Work instruction:
The answer is to be an exact copy of the lines below running from the line with "実家の母と姉が、息子が最初は" down to the line with "子猫たちは人なつっこかったの", both ends included, and nothing more.

——

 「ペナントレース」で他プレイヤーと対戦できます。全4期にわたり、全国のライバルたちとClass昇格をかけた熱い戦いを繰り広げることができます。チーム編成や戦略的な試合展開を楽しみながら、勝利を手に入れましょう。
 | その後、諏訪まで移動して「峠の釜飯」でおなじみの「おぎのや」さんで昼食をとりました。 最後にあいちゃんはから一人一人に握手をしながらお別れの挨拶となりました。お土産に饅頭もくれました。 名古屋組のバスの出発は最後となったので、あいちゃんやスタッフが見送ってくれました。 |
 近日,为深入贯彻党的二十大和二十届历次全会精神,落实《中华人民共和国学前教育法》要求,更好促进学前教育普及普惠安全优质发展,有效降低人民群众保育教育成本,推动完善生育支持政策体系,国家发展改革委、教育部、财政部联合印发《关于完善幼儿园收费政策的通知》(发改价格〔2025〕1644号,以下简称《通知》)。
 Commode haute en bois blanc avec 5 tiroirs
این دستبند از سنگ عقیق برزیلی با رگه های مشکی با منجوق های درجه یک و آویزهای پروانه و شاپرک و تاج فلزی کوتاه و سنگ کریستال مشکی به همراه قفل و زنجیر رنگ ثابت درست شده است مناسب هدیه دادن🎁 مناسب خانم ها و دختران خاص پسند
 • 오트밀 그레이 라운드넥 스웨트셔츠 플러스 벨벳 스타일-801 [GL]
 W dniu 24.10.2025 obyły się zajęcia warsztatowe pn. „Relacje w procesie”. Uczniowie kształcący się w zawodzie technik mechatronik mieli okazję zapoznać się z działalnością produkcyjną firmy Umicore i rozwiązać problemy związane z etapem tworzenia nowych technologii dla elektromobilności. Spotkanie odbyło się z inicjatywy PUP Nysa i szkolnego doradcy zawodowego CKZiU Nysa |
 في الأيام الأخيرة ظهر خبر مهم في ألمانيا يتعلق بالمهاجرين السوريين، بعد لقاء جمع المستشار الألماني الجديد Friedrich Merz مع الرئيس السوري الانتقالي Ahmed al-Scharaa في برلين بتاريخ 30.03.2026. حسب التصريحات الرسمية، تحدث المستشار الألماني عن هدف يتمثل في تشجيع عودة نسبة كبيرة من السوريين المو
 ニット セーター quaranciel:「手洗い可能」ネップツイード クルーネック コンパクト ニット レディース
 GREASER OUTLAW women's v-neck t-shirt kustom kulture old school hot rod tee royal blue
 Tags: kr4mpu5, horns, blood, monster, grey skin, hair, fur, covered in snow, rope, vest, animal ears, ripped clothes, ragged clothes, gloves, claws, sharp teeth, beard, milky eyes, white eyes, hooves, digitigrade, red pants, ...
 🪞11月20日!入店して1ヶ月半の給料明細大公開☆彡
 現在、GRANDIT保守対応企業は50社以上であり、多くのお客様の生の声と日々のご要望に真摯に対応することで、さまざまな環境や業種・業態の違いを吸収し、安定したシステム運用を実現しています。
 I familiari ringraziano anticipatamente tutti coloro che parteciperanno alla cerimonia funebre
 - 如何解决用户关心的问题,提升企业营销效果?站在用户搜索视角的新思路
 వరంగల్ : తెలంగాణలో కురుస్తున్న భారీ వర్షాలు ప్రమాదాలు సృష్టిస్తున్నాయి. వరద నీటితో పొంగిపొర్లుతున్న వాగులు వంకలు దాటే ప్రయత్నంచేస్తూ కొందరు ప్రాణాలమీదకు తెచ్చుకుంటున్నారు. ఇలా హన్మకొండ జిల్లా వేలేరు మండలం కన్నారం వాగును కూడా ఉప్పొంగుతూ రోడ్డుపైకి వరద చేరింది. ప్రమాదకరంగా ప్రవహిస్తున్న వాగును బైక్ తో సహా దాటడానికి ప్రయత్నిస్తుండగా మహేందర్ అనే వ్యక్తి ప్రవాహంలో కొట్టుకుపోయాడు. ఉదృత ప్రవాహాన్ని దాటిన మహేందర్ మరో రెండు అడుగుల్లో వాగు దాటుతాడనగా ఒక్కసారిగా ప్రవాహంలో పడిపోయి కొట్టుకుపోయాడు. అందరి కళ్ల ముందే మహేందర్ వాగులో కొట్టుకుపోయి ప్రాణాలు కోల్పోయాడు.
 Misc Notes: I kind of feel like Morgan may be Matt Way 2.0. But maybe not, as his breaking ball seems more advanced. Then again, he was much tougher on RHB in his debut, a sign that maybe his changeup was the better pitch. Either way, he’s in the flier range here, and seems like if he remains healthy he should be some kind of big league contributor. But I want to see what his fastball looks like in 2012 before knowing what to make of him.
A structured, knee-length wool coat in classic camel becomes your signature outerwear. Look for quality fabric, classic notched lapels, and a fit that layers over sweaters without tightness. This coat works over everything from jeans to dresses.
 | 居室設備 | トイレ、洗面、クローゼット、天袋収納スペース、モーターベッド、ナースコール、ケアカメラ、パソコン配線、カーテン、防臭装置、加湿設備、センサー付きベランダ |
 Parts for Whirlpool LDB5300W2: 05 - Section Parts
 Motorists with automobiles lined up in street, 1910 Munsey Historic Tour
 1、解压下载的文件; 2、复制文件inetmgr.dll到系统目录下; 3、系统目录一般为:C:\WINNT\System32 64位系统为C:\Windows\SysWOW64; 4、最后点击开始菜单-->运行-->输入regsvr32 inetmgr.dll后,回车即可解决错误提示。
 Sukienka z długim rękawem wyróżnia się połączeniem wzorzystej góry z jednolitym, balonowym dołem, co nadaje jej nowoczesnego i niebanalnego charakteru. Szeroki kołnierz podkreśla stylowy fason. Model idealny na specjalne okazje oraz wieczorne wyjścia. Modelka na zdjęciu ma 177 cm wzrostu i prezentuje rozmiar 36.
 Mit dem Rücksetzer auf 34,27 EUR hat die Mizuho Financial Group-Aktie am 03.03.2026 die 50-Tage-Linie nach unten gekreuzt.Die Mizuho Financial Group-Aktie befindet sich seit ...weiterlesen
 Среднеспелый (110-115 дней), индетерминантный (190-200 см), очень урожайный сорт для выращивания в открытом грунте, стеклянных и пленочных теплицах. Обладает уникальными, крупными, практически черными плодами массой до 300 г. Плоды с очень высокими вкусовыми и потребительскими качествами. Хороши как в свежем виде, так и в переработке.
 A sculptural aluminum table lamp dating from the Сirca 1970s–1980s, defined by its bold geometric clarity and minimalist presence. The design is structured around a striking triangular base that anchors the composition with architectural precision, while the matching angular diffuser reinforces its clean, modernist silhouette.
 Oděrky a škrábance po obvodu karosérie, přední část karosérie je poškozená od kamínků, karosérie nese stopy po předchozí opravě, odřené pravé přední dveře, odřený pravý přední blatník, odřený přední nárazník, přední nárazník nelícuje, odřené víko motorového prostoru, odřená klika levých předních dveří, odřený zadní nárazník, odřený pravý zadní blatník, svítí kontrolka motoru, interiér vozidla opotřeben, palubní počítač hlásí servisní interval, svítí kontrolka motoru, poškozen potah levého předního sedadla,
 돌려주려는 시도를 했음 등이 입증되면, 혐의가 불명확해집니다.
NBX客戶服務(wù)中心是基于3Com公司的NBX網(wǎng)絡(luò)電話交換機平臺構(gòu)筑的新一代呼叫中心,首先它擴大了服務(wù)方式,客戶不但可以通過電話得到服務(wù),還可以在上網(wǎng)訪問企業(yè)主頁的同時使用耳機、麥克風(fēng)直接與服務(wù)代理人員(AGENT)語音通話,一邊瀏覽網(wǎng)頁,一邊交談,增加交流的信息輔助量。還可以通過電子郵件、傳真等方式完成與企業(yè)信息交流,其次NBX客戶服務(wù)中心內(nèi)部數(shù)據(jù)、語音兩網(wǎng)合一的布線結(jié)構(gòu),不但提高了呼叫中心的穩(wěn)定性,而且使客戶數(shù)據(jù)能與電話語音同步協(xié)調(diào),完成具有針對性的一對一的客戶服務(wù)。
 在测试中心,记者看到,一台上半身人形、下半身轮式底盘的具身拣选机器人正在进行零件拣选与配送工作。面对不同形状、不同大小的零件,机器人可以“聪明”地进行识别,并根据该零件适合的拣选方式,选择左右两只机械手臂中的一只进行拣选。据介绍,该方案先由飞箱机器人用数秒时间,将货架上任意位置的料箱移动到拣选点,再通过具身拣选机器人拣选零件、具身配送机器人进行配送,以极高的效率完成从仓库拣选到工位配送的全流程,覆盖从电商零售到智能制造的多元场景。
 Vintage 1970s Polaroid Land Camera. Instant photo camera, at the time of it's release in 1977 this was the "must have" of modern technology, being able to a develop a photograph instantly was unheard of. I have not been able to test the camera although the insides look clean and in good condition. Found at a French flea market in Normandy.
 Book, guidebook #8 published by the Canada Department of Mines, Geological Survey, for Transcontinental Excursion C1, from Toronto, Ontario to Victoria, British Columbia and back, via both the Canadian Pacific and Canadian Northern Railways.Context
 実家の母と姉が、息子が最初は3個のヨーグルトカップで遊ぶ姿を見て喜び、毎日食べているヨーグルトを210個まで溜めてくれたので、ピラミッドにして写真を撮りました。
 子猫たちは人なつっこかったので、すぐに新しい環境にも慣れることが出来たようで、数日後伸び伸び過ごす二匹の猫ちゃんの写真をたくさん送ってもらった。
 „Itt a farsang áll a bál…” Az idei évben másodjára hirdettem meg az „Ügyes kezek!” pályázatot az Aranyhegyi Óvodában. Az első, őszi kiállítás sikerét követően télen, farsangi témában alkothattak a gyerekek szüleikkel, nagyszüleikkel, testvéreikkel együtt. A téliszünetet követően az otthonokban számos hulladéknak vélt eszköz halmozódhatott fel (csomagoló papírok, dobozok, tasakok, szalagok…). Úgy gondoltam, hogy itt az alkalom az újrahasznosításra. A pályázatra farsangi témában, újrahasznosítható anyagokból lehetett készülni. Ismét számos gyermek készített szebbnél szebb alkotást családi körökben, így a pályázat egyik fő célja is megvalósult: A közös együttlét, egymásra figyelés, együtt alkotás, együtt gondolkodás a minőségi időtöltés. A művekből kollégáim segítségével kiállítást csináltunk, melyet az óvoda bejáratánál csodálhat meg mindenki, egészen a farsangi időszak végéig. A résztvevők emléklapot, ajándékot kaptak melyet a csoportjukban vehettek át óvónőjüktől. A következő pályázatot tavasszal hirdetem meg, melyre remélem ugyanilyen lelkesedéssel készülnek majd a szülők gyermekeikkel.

——

Solution to this problem:
 実家の母と姉が、息子が最初は3個のヨーグルトカップで遊ぶ姿を見て喜び、毎日食べているヨーグルトを210個まで溜めてくれたので、ピラミッドにして写真を撮りました。
 子猫たちは人なつっこかったので、すぐに新しい環境にも慣れることが出来たようで、数日後伸び伸び過ごす二匹の猫ちゃんの写真をたくさん送ってもらった。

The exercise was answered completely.